Wie er sein Experiment am besten fortführen könnte, blieb späteren Überlegungen vorbehalten.

Harrison stand in der Türöffnung.

»Alles klar«, sagte Vergil mit böser Miene.

3

Während der nächsten Woche beobachteten sie ihn mit mißtrauischer Aufmerksamkeit; dann, in Anspruch genommen von den letzten Versuchsstadien des MAB-Prototyps, zogen sie ihre Wachhunde von ihm ab. Sein Verhalten war untadelig.

Nun konnte er die letzten Schritte zu seiner freiwilligen Trennung von Genetron einleiten.

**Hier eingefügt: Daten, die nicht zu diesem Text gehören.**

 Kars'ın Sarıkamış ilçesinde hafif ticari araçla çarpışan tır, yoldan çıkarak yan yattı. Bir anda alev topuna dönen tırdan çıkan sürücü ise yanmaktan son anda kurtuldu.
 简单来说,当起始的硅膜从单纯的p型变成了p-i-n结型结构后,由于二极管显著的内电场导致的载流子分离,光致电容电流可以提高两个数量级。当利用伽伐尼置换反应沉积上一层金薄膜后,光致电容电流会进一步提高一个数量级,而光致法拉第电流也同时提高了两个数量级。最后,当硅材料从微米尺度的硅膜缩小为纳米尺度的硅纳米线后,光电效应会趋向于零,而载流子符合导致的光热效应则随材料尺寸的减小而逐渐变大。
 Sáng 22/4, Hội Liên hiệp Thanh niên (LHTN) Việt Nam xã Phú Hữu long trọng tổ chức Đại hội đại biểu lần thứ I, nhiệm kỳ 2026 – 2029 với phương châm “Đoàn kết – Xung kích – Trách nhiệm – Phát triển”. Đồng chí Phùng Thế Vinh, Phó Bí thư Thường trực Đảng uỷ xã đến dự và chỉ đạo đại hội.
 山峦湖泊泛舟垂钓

Vergil war nicht der einzige gewesen, der die Grenzen von Genetrons ideologischer Großzügigkeit überschritten hatte. Erst im letzten Moment war die Geschäftsleitung, wieder in Gestalt Gerald T. Harrisons, Hazel Overton aufs Dach gestiegen. Hazel hatte sich mit ihren E. coli-Kulturen auf Abwege begeben. Bemüht, den Beweis zu führen, daß die geschlechtliche Fortpflanzung als das Ergebnis des Eindringens einer autonomen DNS-Sequenz — eines chemischen Parasiten, den sie den F-Faktor nannte — in frühe prokariotische Lebensformen entstanden sei. Sie hatte postuliert, daß geschlechtliche Fortpflanzung nicht im evolutionären Sinne nützlich sei — jedenfalls nicht für Frauen, die sich zumindest in der Theorie parthenogenetisch fortpflanzen konnten —, und daß Männer letzten Endes überflüssig seien.

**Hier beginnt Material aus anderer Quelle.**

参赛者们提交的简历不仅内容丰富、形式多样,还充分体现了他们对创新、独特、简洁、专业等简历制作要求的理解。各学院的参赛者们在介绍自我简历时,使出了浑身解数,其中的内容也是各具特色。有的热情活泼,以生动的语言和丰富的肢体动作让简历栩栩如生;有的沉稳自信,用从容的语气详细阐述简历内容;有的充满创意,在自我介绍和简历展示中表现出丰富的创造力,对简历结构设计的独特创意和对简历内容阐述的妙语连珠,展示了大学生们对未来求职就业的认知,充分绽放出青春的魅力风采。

Sie hatte genug Beweismaterial zusammengetragen, daß Vergil, der heimlich in ihre Notizbücher guckte, ihren Schlußfolgerungen zustimmen konnte. Aber Hazels Arbeit paßte nicht in den von Genetron abgesteckten Rahmen. Sie war revolutionär, gesellschaftlich umstritten. Harrison hatte ein Machtwort gesprochen, und sie hatte das Forschungsprojekt abgebrochen.

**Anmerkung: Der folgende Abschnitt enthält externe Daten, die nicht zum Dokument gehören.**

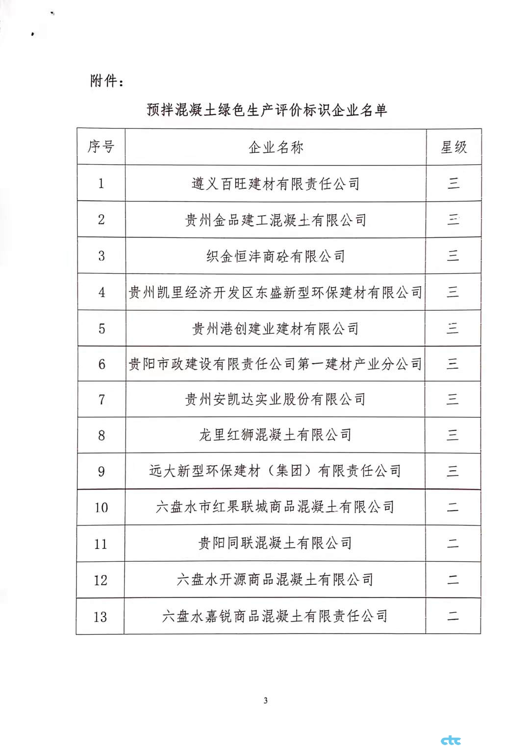 2022年貴州省第六批通過預(yù)拌混凝土綠色生產(chǎn)標(biāo)識(shí)評(píng)價(jià)企業(yè)公示

Genetron wünschte weder Publizität noch öffentlich ausgetragene Kontroversen. Die Firma benötigte einen makellosen Ruf, wenn sie die Ergebnisse ihrer Forschung veröffentlichte und verkündete, daß sie funktionstüchtige MABs herstellte.

Hazels Unterlagen hatten sie jedoch nicht interessiert; sie hatten sie ihr gelassen. Daß Harrison seine Unterlagen eingezogen hatte, beunruhigte Vergil.

Sobald er Gewißheit hatte, daß ihre Wachsamkeit nachließ, wurde er aktiv. Er beantragte Zugang zum Computer (er hatte unbefristetes Nutzungsverbot und durfte nur nach vorheriger Genehmigung daran arbeiten); den Tatsachen entsprechend sagte er, daß er seine Zahlen über Strukturen aus denaturierten Proteinen überprüfen müsse, und die Genehmigung wurde erteilt. Eines Abends nach acht setzte er sich an den Datenanschluß im Gemeinschaftslabor.

Er war etwas zu früh aufgewachsen, um schon in seiner Jugend Erfahrungen als Hacker zu sammeln, aber im Laufe der letzten sieben Jahre hatte er seine gespeicherten Personalakten bei drei größeren Firmen geschönt und Eintragungen in die Immatrikulationsregister einer berühmten Universität gemacht. Diese Eintragungen hatten den Ausschlag gegeben, daß er bei Genetron eingestellt worden war. Die Manipulationen waren ihm nie Anlaß zu Schuldgefühlen gewesen.

Sein Ruf als Wissenschaftler sollte besser sein als seine Examensnoten und Arbeitszeugnisse. Es hatte keinen Sinn, ein Leben lang für Jugendtorheiten und vergangene Indiskretionen zu büßen, und er wußte, daß er für die Arbeit bei Genetron vollauf qualifiziert war — sein gefälschter Universitätsabschluß und seine geschönten Arbeitszeugnisse waren bloß eine Show für Personalchefs, die Lichter und Musik brauchten. Außerdem hatte Vergil bis vor ein paar Wochen geglaubt, daß die Welt sein persönliches Puzzle sei, und daß alle Rätsellösungen und Entwirrungen, die er bewerkstelligen konnte, einschließlich seiner Fertigkeiten als Hacker im Irrgarten der Computertechnik einfach Teil seiner Natur seien.